La depressione è venuta dopo, quando Michela ha portato il figlio a una visita pediatrica presso l'ospedale dove ha partorito. "Il bimbo aveva un'infezione agli occhi, lo stafilococco. Il medico mi ha urlato in faccia che era colpa mia, mi ha chiesto che razza di madre fossi, che non mi lavavo nemmeno le mani prima di toccare il neonato e che non dovevo farlo prendere in braccio ad altre persone. Non mi facevo un pianto dal parto, sono scoppiata lì e non riuscivo più a finire. Da quella ramanzina forte sono entrata in depressione". Michela ha poi scoperto che il bimbo molto probabilmente aveva preso lo stafilococco durante il parto, e che tra i neonati è una cosa molto comune.

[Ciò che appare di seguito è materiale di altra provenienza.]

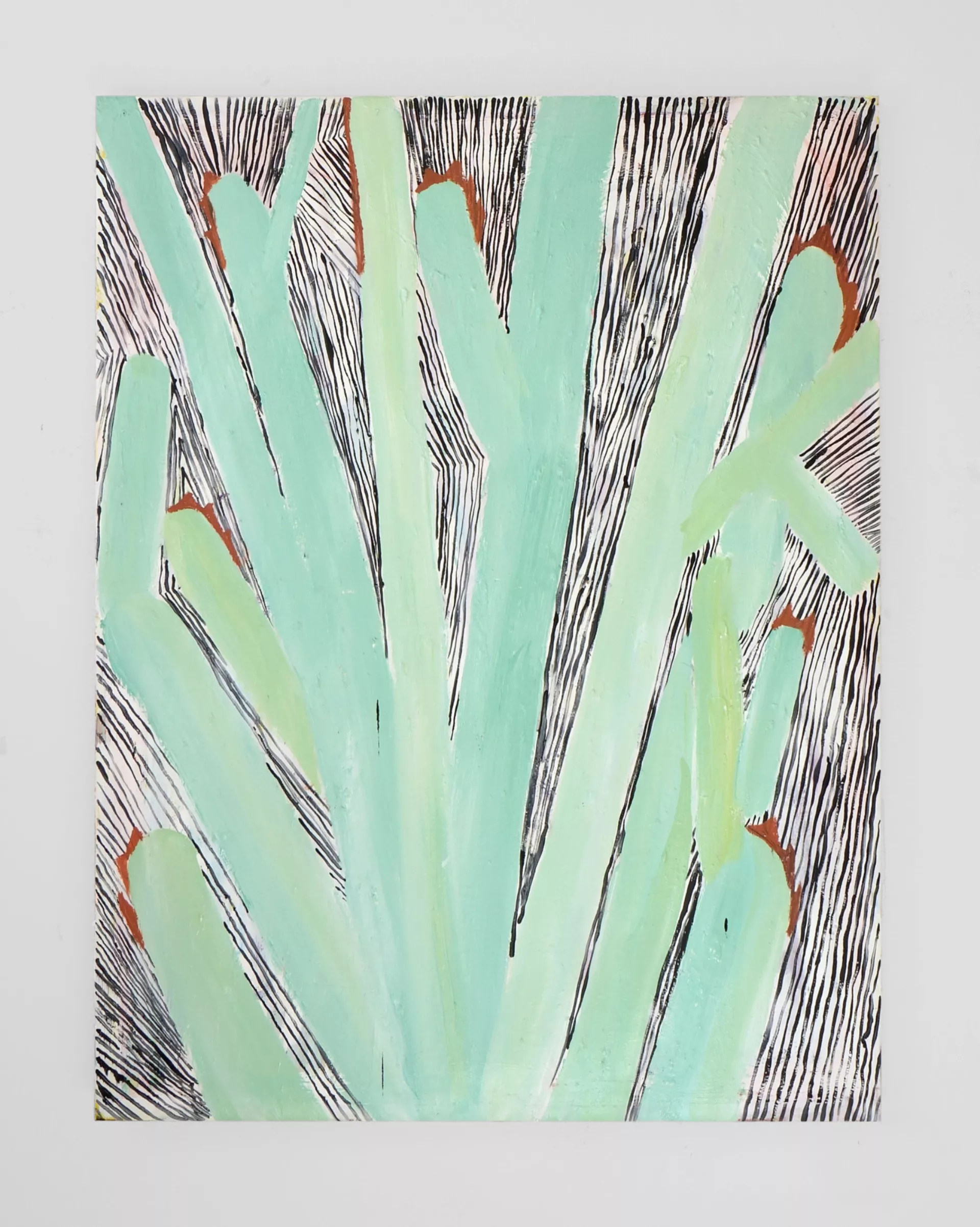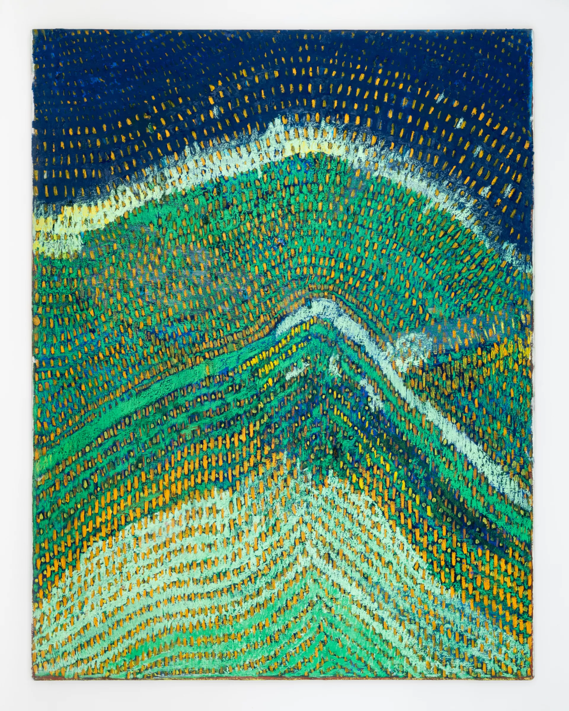Texture is central to her practice. By mixing oil paint with talc, the oil recedes, leaving only pure pigment behind—a matte depth in which one might almost dissolve. These muted planes are juxtaposed with glossy layers of paint that hold the viewer at a distance. Thus the canvas becomes a terrain of intimacy and detachment, closeness and withdrawal.

Michela è riuscita a uscire dalla depressione grazie all'aiuto di una psicologa e ai suoi amici. "Non mi sentivo più una donna, mi sentivo manomessa, rotta dentro. Se sto raccontando la mia storia è per dire alle altre mamme che non sono sole. È successo a me, è successo ad altre e succederà ancora. Spero possa nascere una legge che ci tuteli, che io possa diventare una voce affinché queste realtà nascoste possano venire allo scoperto. Ogni mamma ha il diritto di partorire, di avere assistenza medica ed essere supportata. Se non avete voglia di supportarci psicologicamente almeno non trattateci male e fatevi da parte, perché siamo in un momento molto delicato della nostra vita, di cui poi siamo noi a dover subire le conseguenze".